## [SUPPLIED INFORMATION]
#####
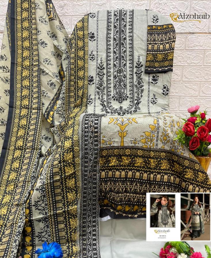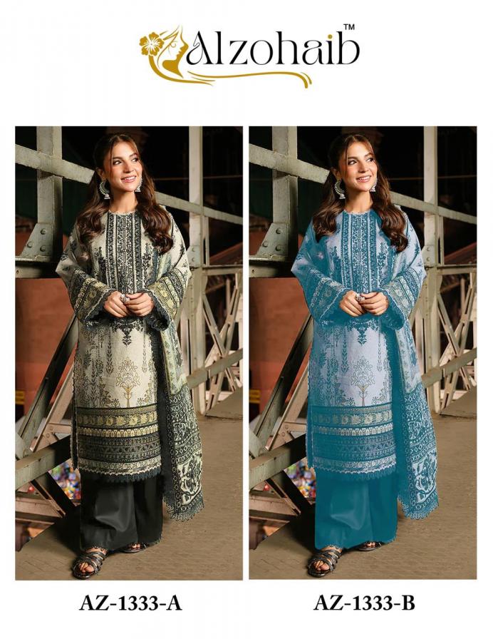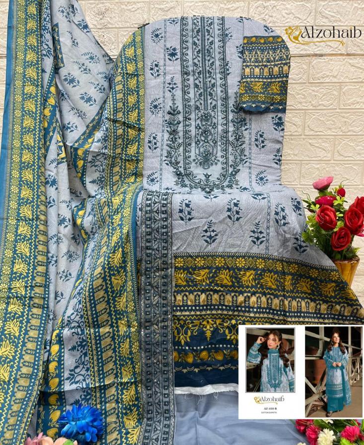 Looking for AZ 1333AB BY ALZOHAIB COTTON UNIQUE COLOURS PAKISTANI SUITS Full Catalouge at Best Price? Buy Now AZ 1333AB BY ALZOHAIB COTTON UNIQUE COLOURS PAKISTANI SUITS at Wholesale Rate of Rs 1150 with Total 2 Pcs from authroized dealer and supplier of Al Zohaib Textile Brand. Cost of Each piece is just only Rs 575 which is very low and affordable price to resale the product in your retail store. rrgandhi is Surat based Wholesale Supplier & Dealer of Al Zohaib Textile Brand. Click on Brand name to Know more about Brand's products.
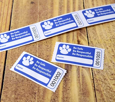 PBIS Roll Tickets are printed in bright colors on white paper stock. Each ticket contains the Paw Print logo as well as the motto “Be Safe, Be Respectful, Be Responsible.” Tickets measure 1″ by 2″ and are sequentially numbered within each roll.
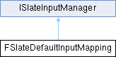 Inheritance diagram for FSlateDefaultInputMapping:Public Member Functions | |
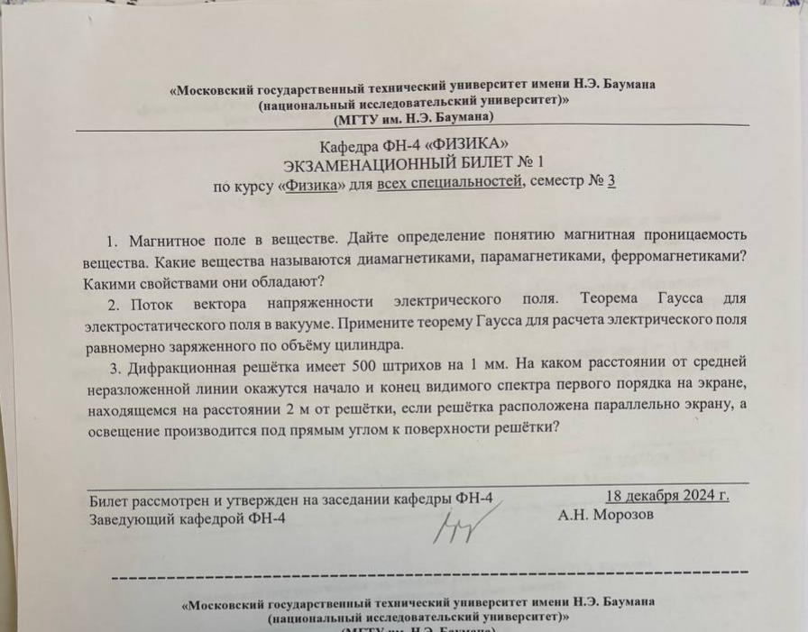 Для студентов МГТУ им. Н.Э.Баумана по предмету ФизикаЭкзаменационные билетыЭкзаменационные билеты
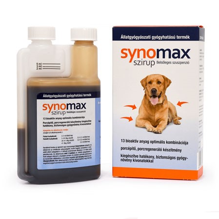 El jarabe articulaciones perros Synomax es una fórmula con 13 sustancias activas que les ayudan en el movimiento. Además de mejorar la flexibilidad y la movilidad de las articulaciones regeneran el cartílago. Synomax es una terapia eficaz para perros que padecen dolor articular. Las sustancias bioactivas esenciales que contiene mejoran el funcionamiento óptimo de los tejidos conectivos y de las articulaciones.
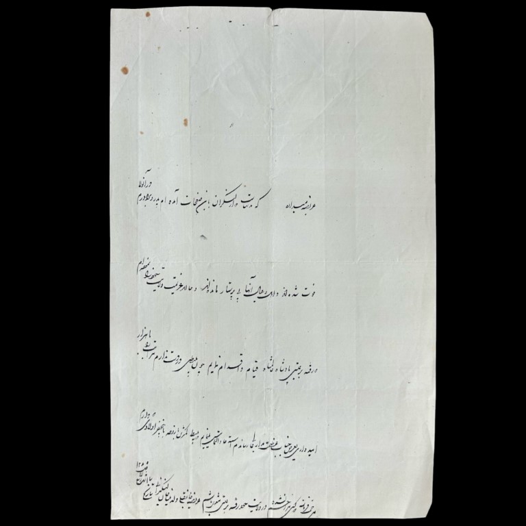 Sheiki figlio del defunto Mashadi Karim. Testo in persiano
#####
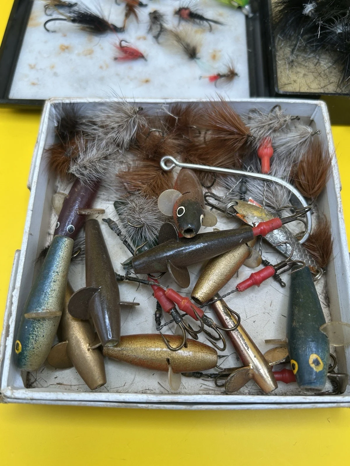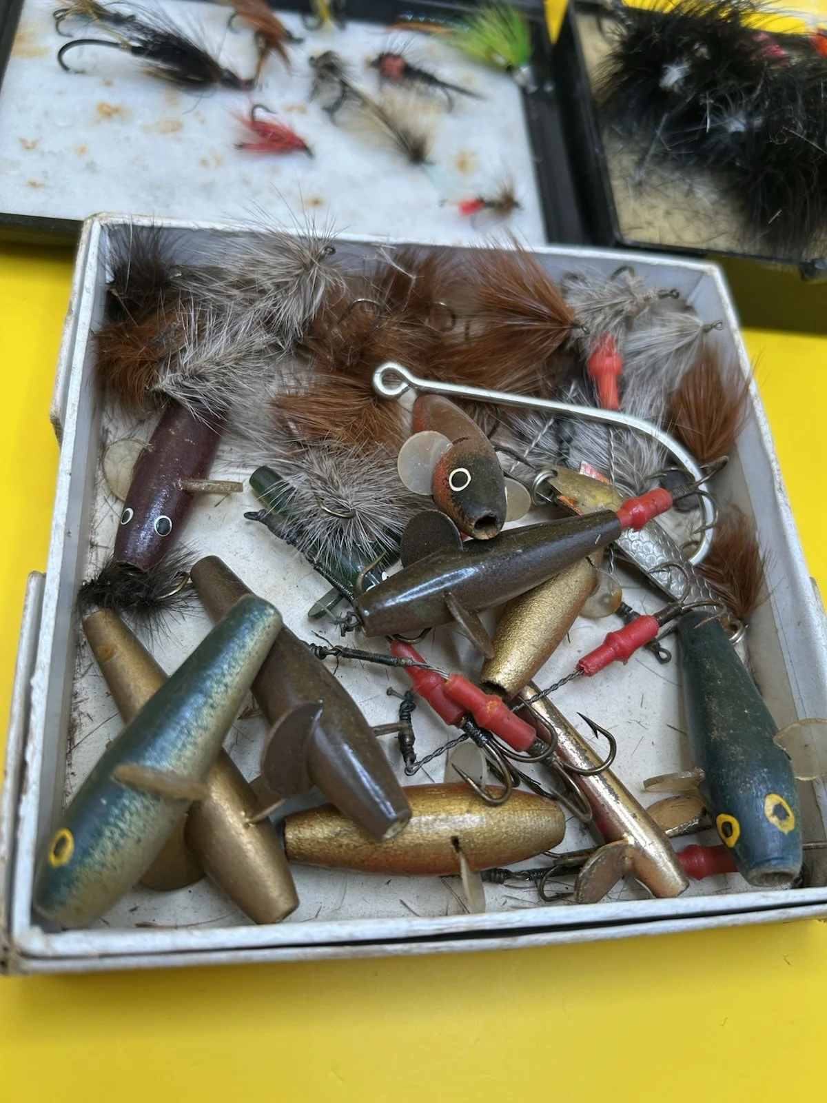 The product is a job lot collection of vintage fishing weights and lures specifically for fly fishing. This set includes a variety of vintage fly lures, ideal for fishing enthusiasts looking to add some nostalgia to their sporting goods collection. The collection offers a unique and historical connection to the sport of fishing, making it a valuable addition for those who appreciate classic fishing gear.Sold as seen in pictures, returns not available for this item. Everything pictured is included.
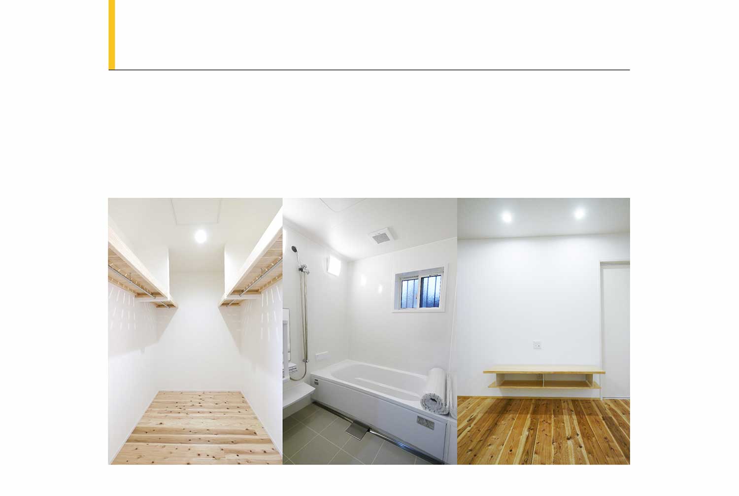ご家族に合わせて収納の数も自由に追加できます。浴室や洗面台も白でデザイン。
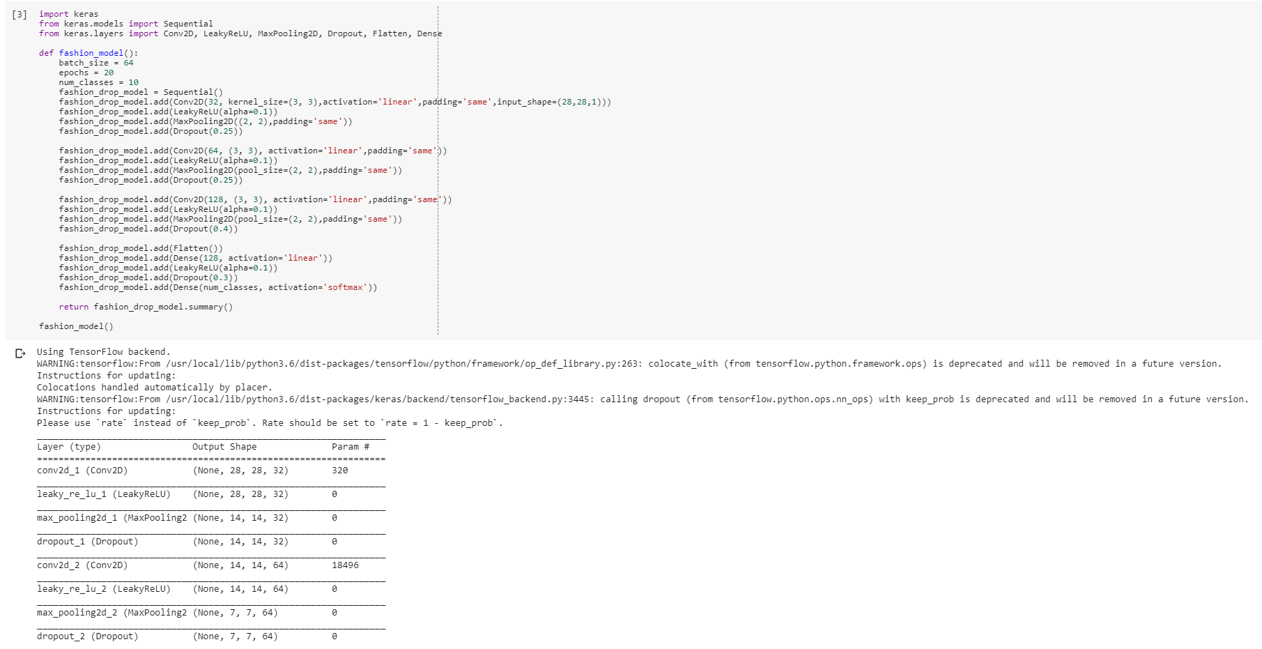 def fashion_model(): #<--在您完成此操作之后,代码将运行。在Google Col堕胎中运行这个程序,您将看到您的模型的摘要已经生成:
#####
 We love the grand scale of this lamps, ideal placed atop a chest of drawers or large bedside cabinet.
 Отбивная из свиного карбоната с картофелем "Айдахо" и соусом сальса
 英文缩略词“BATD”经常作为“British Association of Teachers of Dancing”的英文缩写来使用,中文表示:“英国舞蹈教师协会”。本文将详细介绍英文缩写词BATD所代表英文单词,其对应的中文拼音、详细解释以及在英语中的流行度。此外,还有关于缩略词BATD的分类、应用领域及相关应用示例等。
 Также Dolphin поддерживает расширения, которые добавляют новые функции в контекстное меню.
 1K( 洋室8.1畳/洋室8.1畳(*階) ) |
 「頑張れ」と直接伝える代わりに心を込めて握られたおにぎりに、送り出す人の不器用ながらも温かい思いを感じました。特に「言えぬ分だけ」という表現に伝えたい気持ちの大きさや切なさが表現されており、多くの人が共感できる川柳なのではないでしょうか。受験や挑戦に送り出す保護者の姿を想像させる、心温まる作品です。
#####
## [THE TASK]
Reproduce word for word, with pictures dropped, only the part of the material above that opens with the line containing "ご家族に合わせて収納の数も自由に追加できます。浴室や洗面台も白でデザイン。" and closes with the line containing "def fashion_model(): #<--在您完成此操作之后,代码将运行。在Google".

## [PROBLEM SOLUTION]
ご家族に合わせて収納の数も自由に追加できます。浴室や洗面台も白でデザイン。
 def fashion_model(): #<--在您完成此操作之后,代码将运行。在Google Col堕胎中运行这个程序,您将看到您的模型的摘要已经生成:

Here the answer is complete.